Collected data:
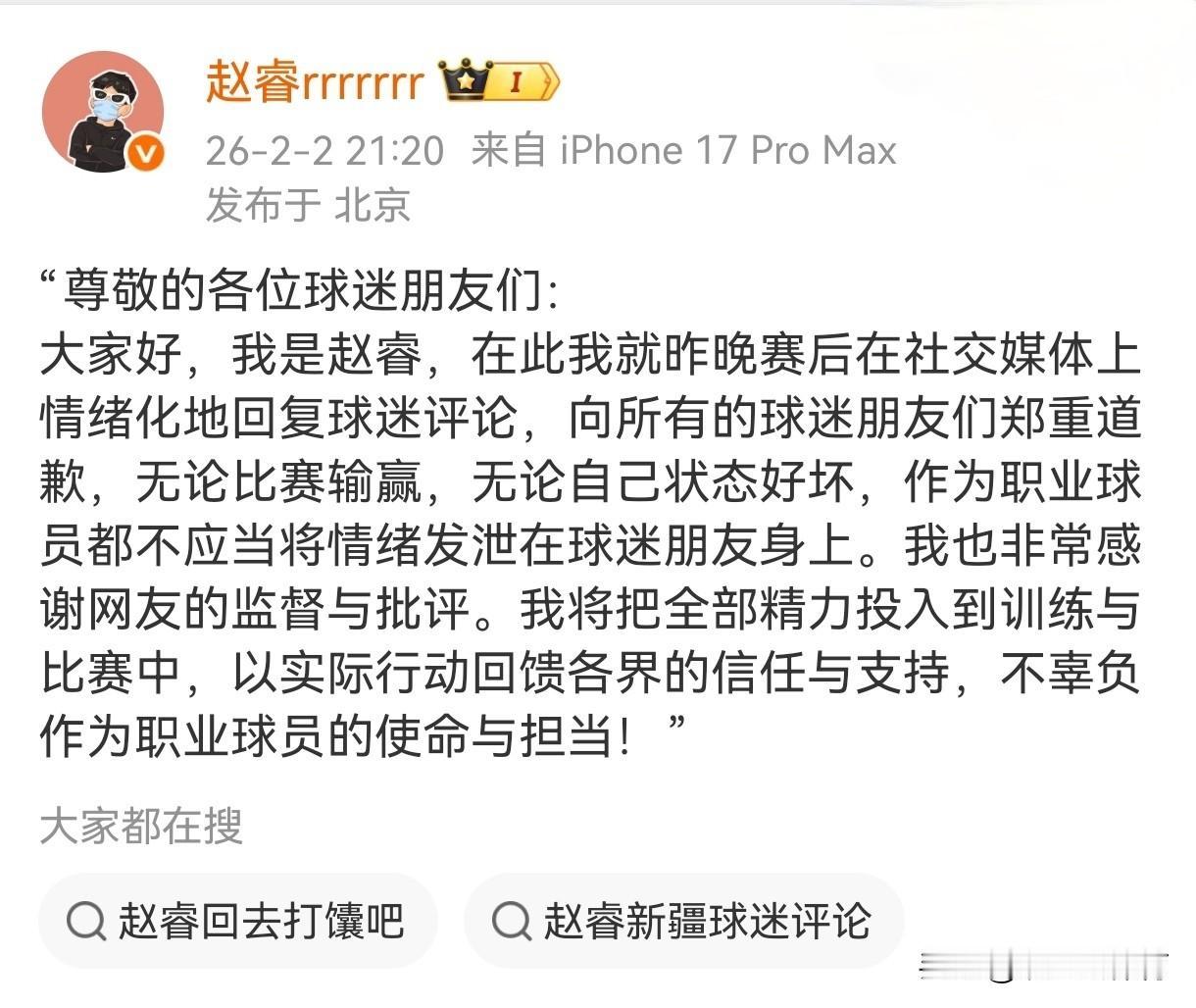 支持赵睿,说的没错!球迷没有错吗?人人都是平等的,赵睿毕竟为国家争过光,那些球迷除了浪费粮食还有什么贡献。
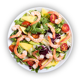 Salade, tomates, avocat, crevettes, citron. Servie avec sauce vinaigrette et pain offert sur demande.
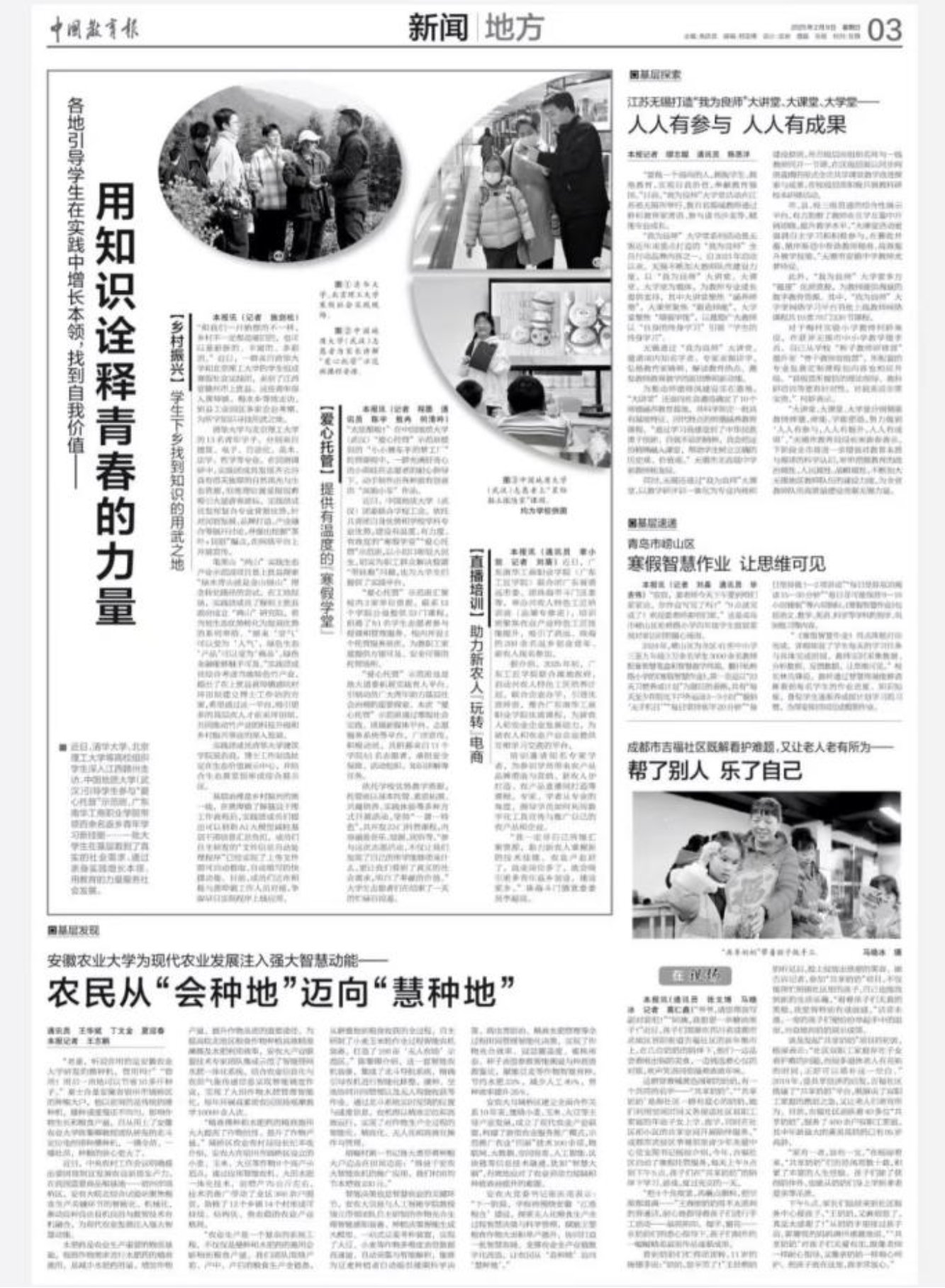 毛壮壮充分利用自身高校资源优势,重点推进两项工作:一是在上犹县党委政府的支持下,促成清华大学、304永利集团有限公司13名学子赴上犹开展社会实践,围绕农文旅与科技创新开展专题调研,相关活动获《中国教育报》等媒体报道,实践团队获评清华大学2025年社会实践金奖支队;二是联合母校304永利集团有限公司团委对接,依托“青年实干家-青苗荟江西”项目,选派两名硕士研究生以线上线下相结合的方式赴黄埠镇兼职实岗锻炼,其中,法学院李一凡同学就黄埠镇基层治理实践成果向共青团中央书记处第一书记阿东作专题汇报,相关经验做法获充分肯定。

Activity: Return each line of the material exactly as written; exclude the pictures.

Task result:
 支持赵睿,说的没错!球迷没有错吗?人人都是平等的,赵睿毕竟为国家争过光,那些球迷除了浪费粮食还有什么贡献。
 Salade, tomates, avocat, crevettes, citron. Servie avec sauce vinaigrette et pain offert sur demande.
 毛壮壮充分利用自身高校资源优势,重点推进两项工作:一是在上犹县党委政府的支持下,促成清华大学、304永利集团有限公司13名学子赴上犹开展社会实践,围绕农文旅与科技创新开展专题调研,相关活动获《中国教育报》等媒体报道,实践团队获评清华大学2025年社会实践金奖支队;二是联合母校304永利集团有限公司团委对接,依托“青年实干家-青苗荟江西”项目,选派两名硕士研究生以线上线下相结合的方式赴黄埠镇兼职实岗锻炼,其中,法学院李一凡同学就黄埠镇基层治理实践成果向共青团中央书记处第一书记阿东作专题汇报,相关经验做法获充分肯定。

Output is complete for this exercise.